(Records excerpted from a collection)
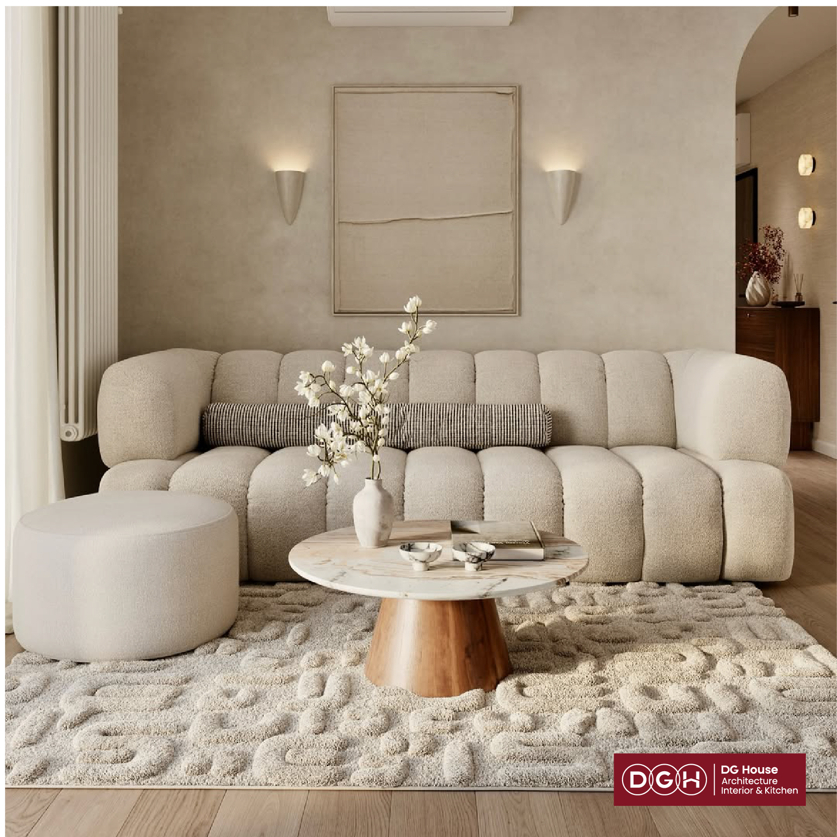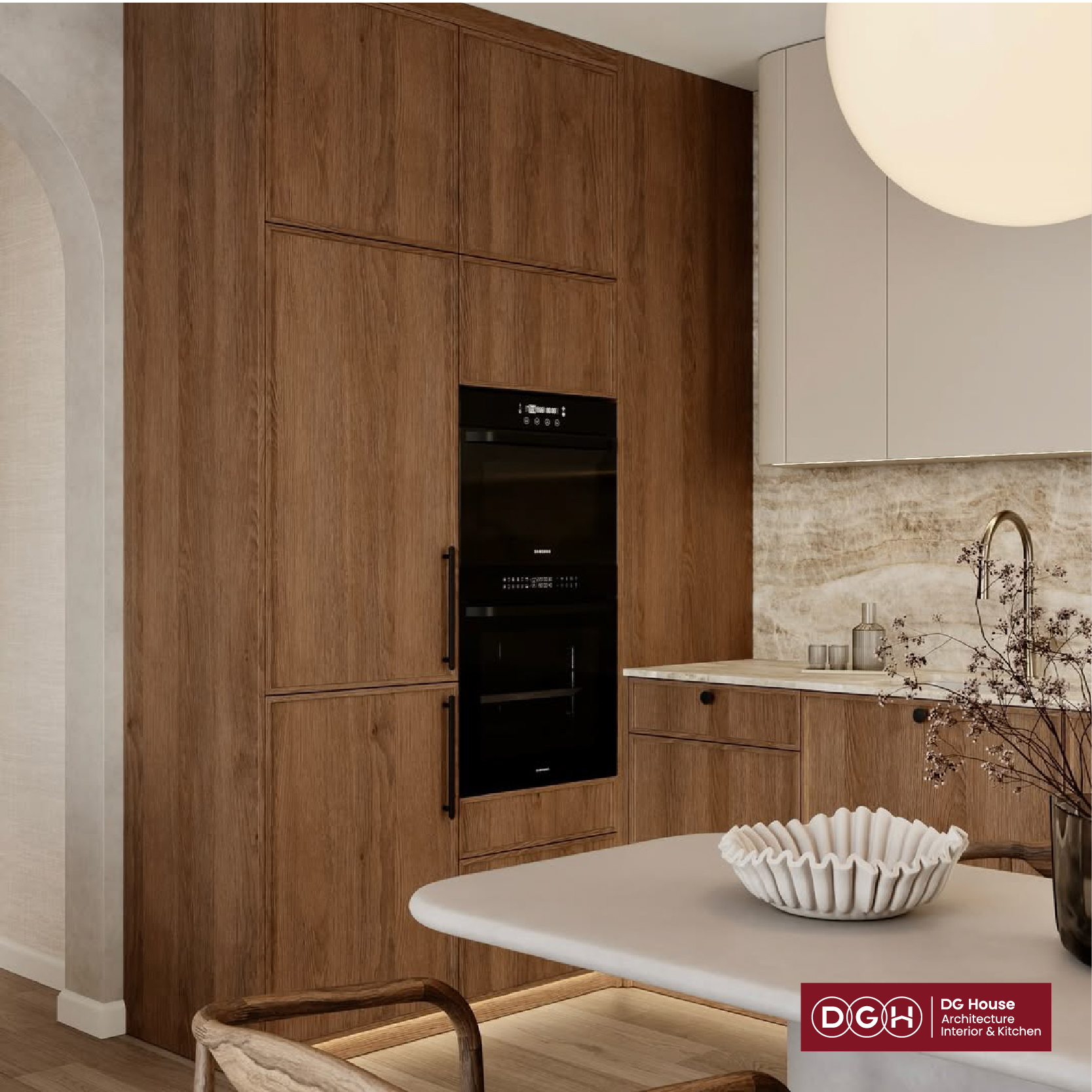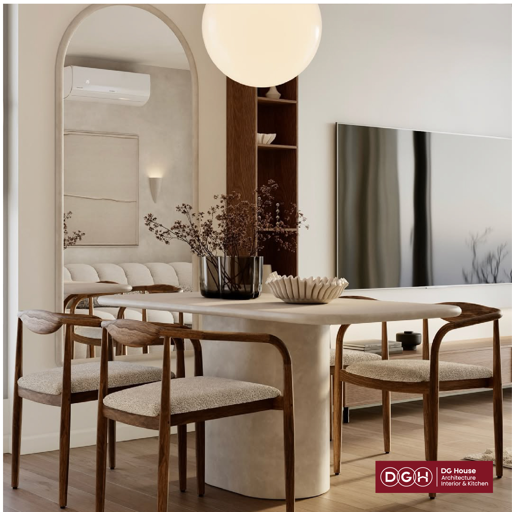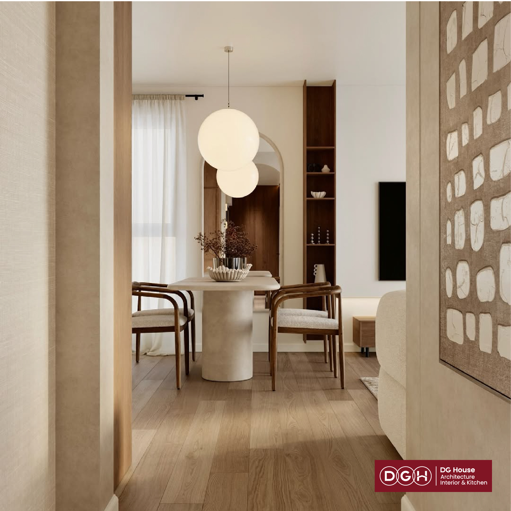 Đường nét vòm: Thay vì những góc cạnh cứng nhắc, hệ cửa vòm và cạnh bàn bo tròn giúp không gian trở nên uyển chuyển và rộng rãi hơn thực tế.
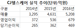 CJヘルスケアの昨年の売上高5208億ウォン、営業利益679億ウォン、当期純利益469億ウォンだった。会社の価値は1兆ウォン以上と推定される。
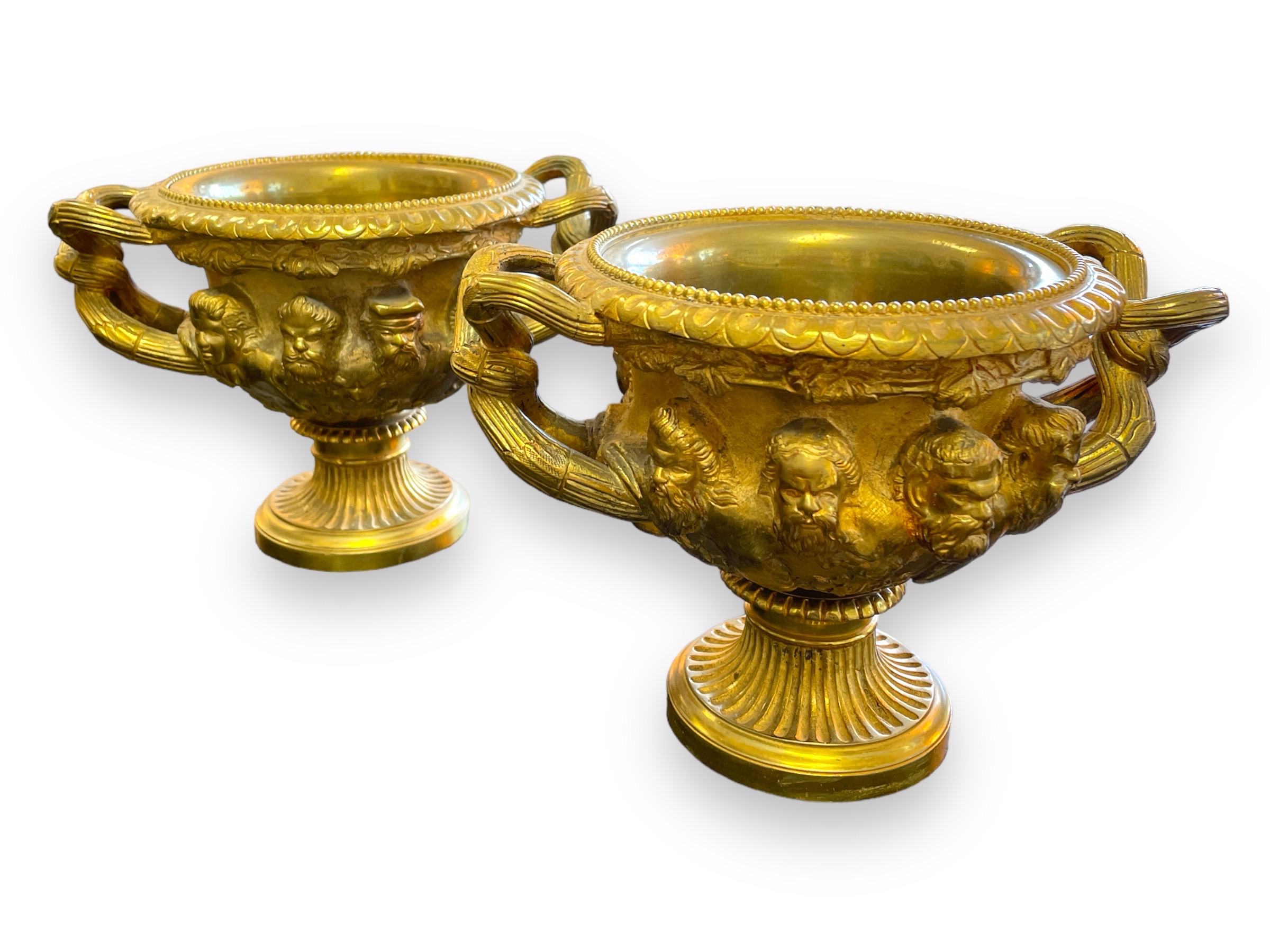 Pair of Continental gilt bronze models of the Warwick vase.
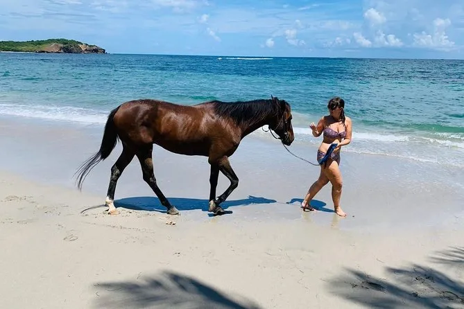 Private horseback ride on St Lucia’s quiet coastline with ocean swim option
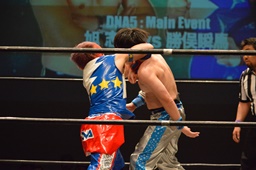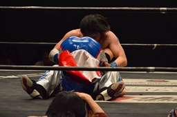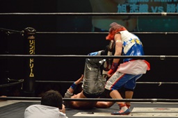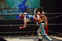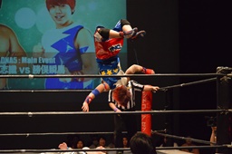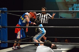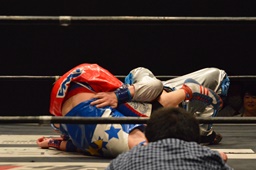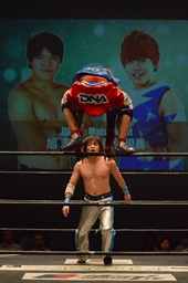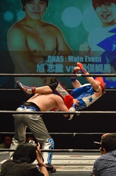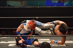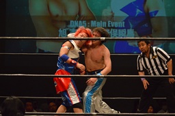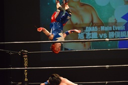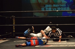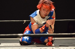 勝俣「負けてしまったんですけど、ちょっとマイクを持たせてください。今日はご来場、誠にありがとうございました。今回、1ヶ月前に樋口選手との試合が決まって、僕は樋口戦のために対策を練ったり、いろいろしてきました。だけど樋口選手は欠場になって、カードが変わって、旭選手と闘うことになりました。さっき旭選手も言ったけど、これも含めてプロレスなんだなと実感しました。そして僕は旭選手と闘えて本当に良かったと思います。今回の試合で僕はまだまだな部分が自分の中でいっぱい出てきました。ですが、これからももっともっと練習して、もっともっと強くなって、このDNAのテッペンに立ちたいと思います!これからも勝俣瞬馬、そしてDNA、みんなで頑張っていきますので、これからも応援よろしくお願いします!ありがとうございました!」(左写真)
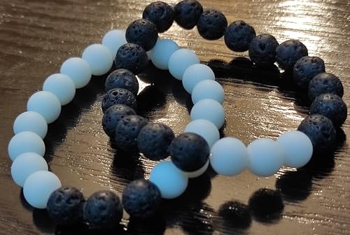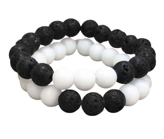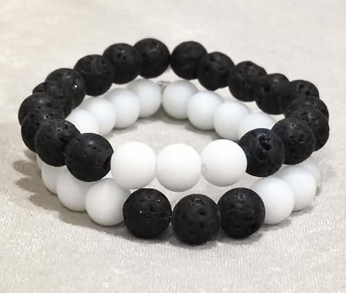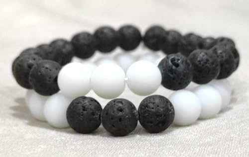Malika Accessories - اساور توينز للرجال من حجر الاونيكس واللافا البركاني الطبيعي- ابيض- اسود
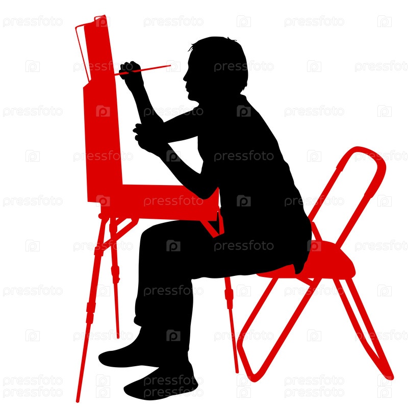 Силуэт, художник за работой на белом фоне

--- Your task ---
Wherever a picture appears in the data, please drop it and retype the rest exactly.

--- Exercise answer ---
 Đường nét vòm: Thay vì những góc cạnh cứng nhắc, hệ cửa vòm và cạnh bàn bo tròn giúp không gian trở nên uyển chuyển và rộng rãi hơn thực tế.
 CJヘルスケアの昨年の売上高5208億ウォン、営業利益679億ウォン、当期純利益469億ウォンだった。会社の価値は1兆ウォン以上と推定される。
 Pair of Continental gilt bronze models of the Warwick vase.
 Private horseback ride on St Lucia’s quiet coastline with ocean swim option
 勝俣「負けてしまったんですけど、ちょっとマイクを持たせてください。今日はご来場、誠にありがとうございました。今回、1ヶ月前に樋口選手との試合が決まって、僕は樋口戦のために対策を練ったり、いろいろしてきました。だけど樋口選手は欠場になって、カードが変わって、旭選手と闘うことになりました。さっき旭選手も言ったけど、これも含めてプロレスなんだなと実感しました。そして僕は旭選手と闘えて本当に良かったと思います。今回の試合で僕はまだまだな部分が自分の中でいっぱい出てきました。ですが、これからももっともっと練習して、もっともっと強くなって、このDNAのテッペンに立ちたいと思います!これからも勝俣瞬馬、そしてDNA、みんなで頑張っていきますので、これからも応援よろしくお願いします!ありがとうございました!」(左写真)
Malika Accessories - اساور توينز للرجال من حجر الاونيكس واللافا البركاني الطبيعي- ابيض- اسود
 Силуэт, художник за работой на белом фоне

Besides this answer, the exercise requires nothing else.